**Data:**
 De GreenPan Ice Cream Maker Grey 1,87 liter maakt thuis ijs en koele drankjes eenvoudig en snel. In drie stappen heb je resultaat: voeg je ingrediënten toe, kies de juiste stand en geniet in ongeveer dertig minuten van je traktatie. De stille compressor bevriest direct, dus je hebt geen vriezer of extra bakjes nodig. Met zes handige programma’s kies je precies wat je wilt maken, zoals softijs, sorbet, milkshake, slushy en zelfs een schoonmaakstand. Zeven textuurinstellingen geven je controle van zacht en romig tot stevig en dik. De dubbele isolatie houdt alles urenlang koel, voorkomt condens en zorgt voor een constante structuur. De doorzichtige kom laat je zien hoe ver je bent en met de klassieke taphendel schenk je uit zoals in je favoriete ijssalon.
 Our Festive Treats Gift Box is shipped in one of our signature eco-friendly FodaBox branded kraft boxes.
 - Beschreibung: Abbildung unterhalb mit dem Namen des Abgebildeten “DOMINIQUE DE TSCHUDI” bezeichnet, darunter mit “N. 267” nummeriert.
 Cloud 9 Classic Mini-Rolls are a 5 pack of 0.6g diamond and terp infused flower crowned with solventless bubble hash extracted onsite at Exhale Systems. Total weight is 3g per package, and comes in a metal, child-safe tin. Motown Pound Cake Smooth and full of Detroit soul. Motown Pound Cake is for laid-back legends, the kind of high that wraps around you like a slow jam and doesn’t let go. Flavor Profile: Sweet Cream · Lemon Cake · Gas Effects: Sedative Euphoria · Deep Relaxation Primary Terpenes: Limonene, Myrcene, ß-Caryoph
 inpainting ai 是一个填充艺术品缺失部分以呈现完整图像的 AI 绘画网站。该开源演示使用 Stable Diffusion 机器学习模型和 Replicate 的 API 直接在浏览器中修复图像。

--

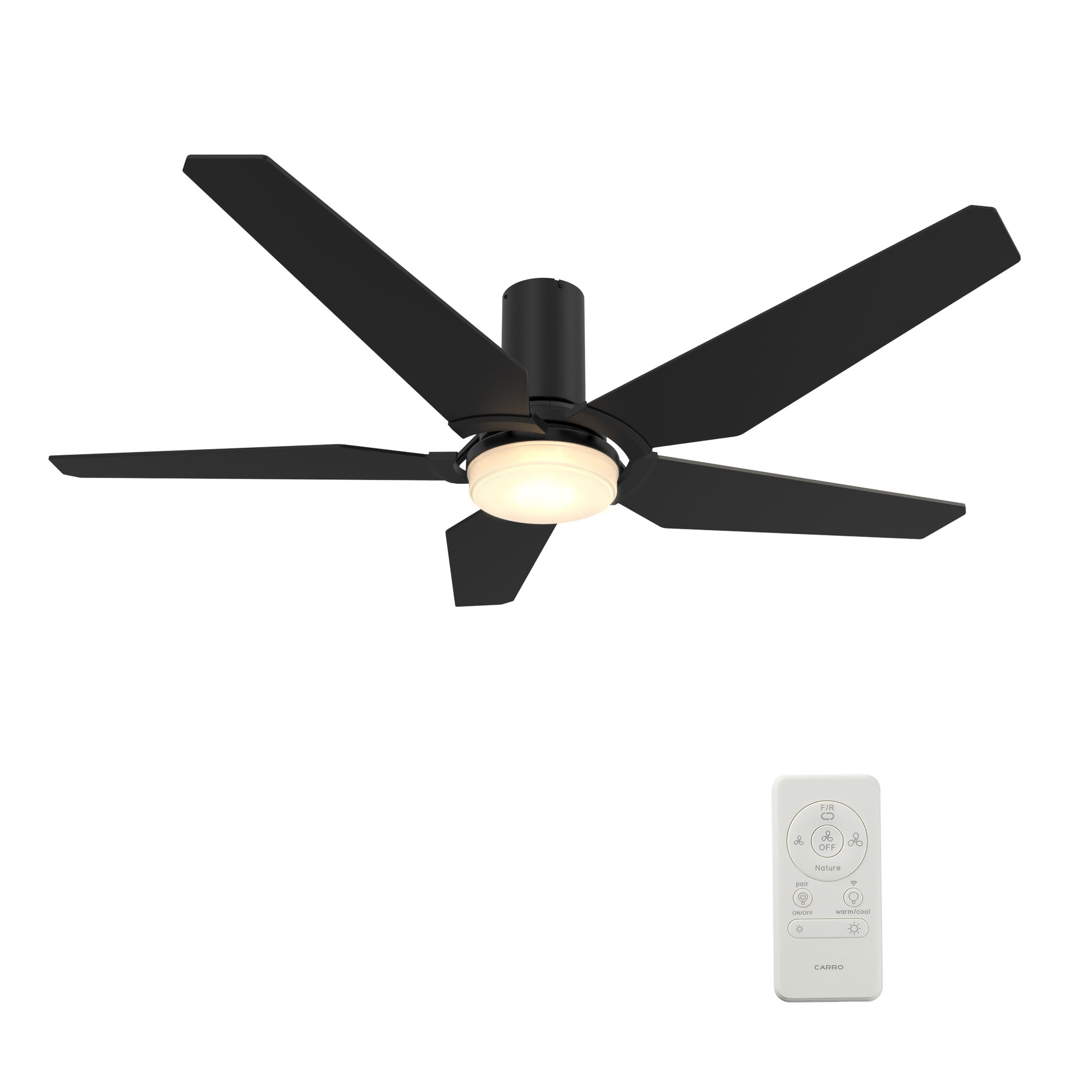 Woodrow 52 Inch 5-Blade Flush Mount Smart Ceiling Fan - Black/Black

**The task:**
Lines to set down from above: the line with "De GreenPan Ice", the line with "- Beschreibung: Abbildung", and every line between, each exactly as written.

**Answer for this exercise:**
 De GreenPan Ice Cream Maker Grey 1,87 liter maakt thuis ijs en koele drankjes eenvoudig en snel. In drie stappen heb je resultaat: voeg je ingrediënten toe, kies de juiste stand en geniet in ongeveer dertig minuten van je traktatie. De stille compressor bevriest direct, dus je hebt geen vriezer of extra bakjes nodig. Met zes handige programma’s kies je precies wat je wilt maken, zoals softijs, sorbet, milkshake, slushy en zelfs een schoonmaakstand. Zeven textuurinstellingen geven je controle van zacht en romig tot stevig en dik. De dubbele isolatie houdt alles urenlang koel, voorkomt condens en zorgt voor een constante structuur. De doorzichtige kom laat je zien hoe ver je bent en met de klassieke taphendel schenk je uit zoals in je favoriete ijssalon.
 Our Festive Treats Gift Box is shipped in one of our signature eco-friendly FodaBox branded kraft boxes.
 - Beschreibung: Abbildung unterhalb mit dem Namen des Abgebildeten “DOMINIQUE DE TSCHUDI” bezeichnet, darunter mit “N. 267” nummeriert.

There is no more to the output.